Calvin and Campau Pen Pals Meet
Calvin and Campau Pen Pals Meet
December 10, 2004
In early December students from Campau Park Elementary School finally met their Calvin College pen pals.
Gathered in the lobby of one of the Calvin apartments were 14 second and third graders from Campau Park and their Calvin pen pals.
The Campau Park students presented their Calvin writing buddies with a handmade Christmas ornament and the Calvin students also gave their Campau pen pals gifts. Then the entire gathering decorated Christmas cookies, sang carols and played games.

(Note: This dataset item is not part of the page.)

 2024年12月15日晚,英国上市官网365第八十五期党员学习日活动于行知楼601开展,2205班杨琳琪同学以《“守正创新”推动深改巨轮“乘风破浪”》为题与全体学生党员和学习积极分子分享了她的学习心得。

“I thought it was really successful. The Calvin students enjoyed themselves. The Campau kids enjoyed themselves,” says Louise Henshaw, the Calvin junior who organized the gathering.
A teacher aide in Alicia Timmer’s combined second and third-grade class at Campau Park, Henshaw initiated the written correspondence between the elementary school and Calvin.

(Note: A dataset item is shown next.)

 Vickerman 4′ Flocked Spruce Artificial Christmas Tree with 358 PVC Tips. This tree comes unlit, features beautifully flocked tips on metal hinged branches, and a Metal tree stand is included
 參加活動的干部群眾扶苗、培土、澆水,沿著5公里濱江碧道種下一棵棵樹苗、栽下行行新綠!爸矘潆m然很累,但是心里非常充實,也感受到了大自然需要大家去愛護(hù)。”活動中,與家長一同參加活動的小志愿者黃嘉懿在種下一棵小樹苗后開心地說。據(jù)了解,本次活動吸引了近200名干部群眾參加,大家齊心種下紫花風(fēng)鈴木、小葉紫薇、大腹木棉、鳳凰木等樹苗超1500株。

“I thought that would be a great way for me to get Calvin to get connected to the community,” she says.
Henshaw made the first letters from the Calvin pen pals a surprise for the Campau students.

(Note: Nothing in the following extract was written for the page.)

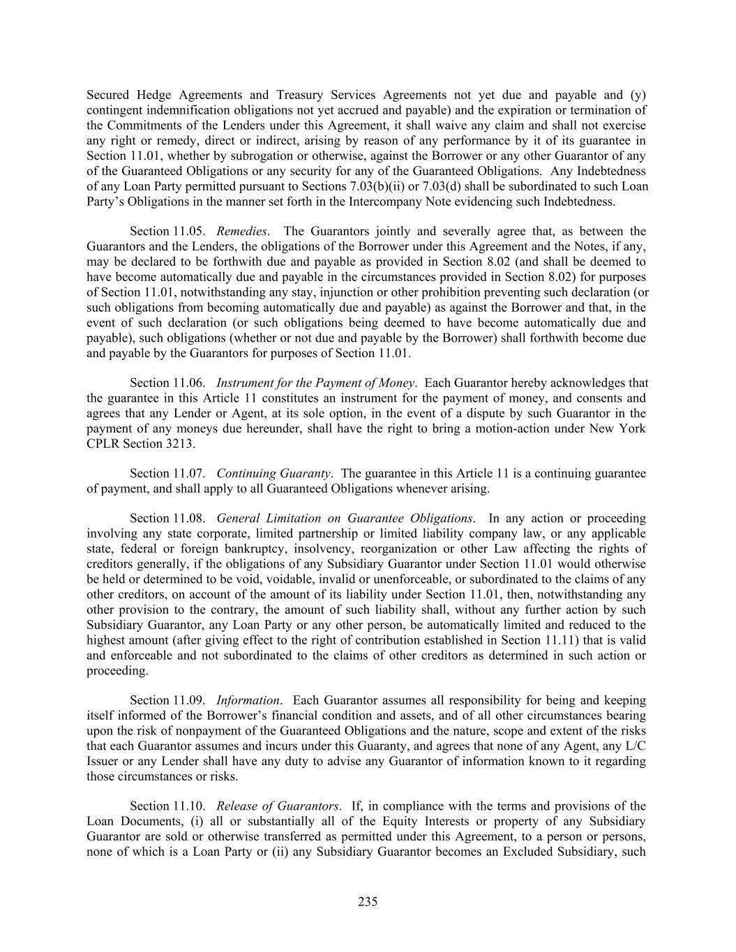 Secured Hedge Agreements and Treasury Services Agreements not yet due and payable and (y)contingent indemnification obligations not yet accrued and payable) and the expiration or termination ofthe Commitments of the Lenders under this Agreement, it shall waive any claim and shall not exerciseany right or remedy, direct or indirect, arising by reason of any performance by it of its guarantee in Section 11.01, whether by subrogation or otherwise, against the Borrower or any other Guarantor of anyof the Guaranteed Obligations or any security for any of the Guaranteed Obligations. Any Indebtednessof any Loan Party permitted pursuant to Sections 7.03(b)(ii) or 7.03(d) shall be subordinated to such LoanParty’s Obligations in the manner set forth in the Intercompany Note evidencing such Indebtedness.Section 11.05. Remedies. The Guarantors jointly and severally agree that, as between theGuarantors and the Lenders, the obligations of the Borrower under this Agreement and the Notes, if any,may be declared to be forthwith due and payable as provided in Section 8.02 (and shall be deemed tohave become automatically due and payable in the circumstances provided in Section 8.02) for purposesof Section 11.01, notwithstanding any stay, injunction or other prohibition preventing such declaration (orsuch obligations from becoming automatically due and payable) as against the Borrower and that, in theevent of such declaration (or such obligations being deemed to have become automatically due andpayable), such obligations (whether or not due and payable by the Borrower) shall forthwith become dueand payable by the Guarantors for purposes of Section 11.01.Section 11.06. Instrument for the Payment of Money. Each Guarantor hereby acknowledges thatthe guarantee in this Article 11 constitutes an instrument for the payment of money, and consents andagrees that any Lender or Agent, at its sole option, in the event of a dispute by such Guarantor in thepayment of any moneys due hereunder, shall have the right to bring a motion-action under New YorkCPLR Section 3213.Section 11.07. Continuing Guaranty. The guarantee in this Article 11 is a continuing guaranteeof payment, and shall apply to all Guaranteed Obligations whenever arising.Section 11.08. General Limitation on Guarantee Obligations. In any action or proceedinginvolving any state corporate, limited partnership or limited liability company law, or any applicablestate, federal or foreign bankruptcy, insolvency, reorganization or other Law affecting the rights ofcreditors generally, if the obligations of any Subsidiary Guarantor under Section 11.01 would otherwisebe held or determined to be void, voidable, invalid or unenforceable, or subordinated to the claims of anyother creditors, on account of the amount of its liability under Section 11.01, then, notwithstanding anyother provision to the contrary, the amount of such liability shall, without any further action by suchSubsidiary Guarantor, any Loan Party or any other person, be automatically limited and reduced to thehighest amount (after giving effect to the right of contribution established in Section 11.11) that is validand enforceable and not subordinated to the claims of other creditors as determined in such action orproceeding.Section 11.09. Information. Each Guarantor assumes all responsibility for being and keepingitself informed of the Borrower’s financial condition and assets, and of all other circumstances bearingupon the risk of nonpayment of the Guaranteed Obligations and the nature, scope and extent of the risksthat each Guarantor assumes and incurs under this Guaranty, and agrees that none of any Agent, any L/CIssuer or any Lender shall have any duty to advise any Guarantor of information known to it regardingthose circumstances or risks.Section 11.10. Release of Guarantors. If, in compliance with the terms and provisions of theLoan Documents, (i) all or substantially all of the Equity Interests or property of any SubsidiaryGuarantor are sold or otherwise transferred as permitted under this Agreement, to a person or persons,none of which is a Loan Party or (ii) any Subsidiary Guarantor becomes an Excluded Subsidiary, such235

After that, the written exchange flourished.
The Campau children looked forward to the weekly mail from their pen pals and the converse was also true.
"Calvin students were so excited to get their letters," Henshaw says. "It’s a nice study break."
The Christmas meeting was inspired, she adds, by her experience with a pen pal when she was in elementary school in Crystal Lake, Illinois, and got to meet her pen pal.
Calvin has an enduring relationship with Campau Park.
In 2000, Calvin spearheaded an innovative program, which partnered Calvin students and seniors from New Hope Baptist Church with Campau’s students in after-school technology-mentoring relationships. Called the “Computer Kids Club,” the program is now funded by the Grand Rapids Public Schools.
“The Campau school partnership is even further enhanced by this contribution,” says Carol Rienstra, Calvin’s director of community relations. “Louise did a wonderful job of thinking outside the box in making a new connection with the community.”
“One girl told me, ‘Miss Henshaw, this is the best day ever. I don’t want to leave. I want to stay with my pen pal,” Henshaw recalls.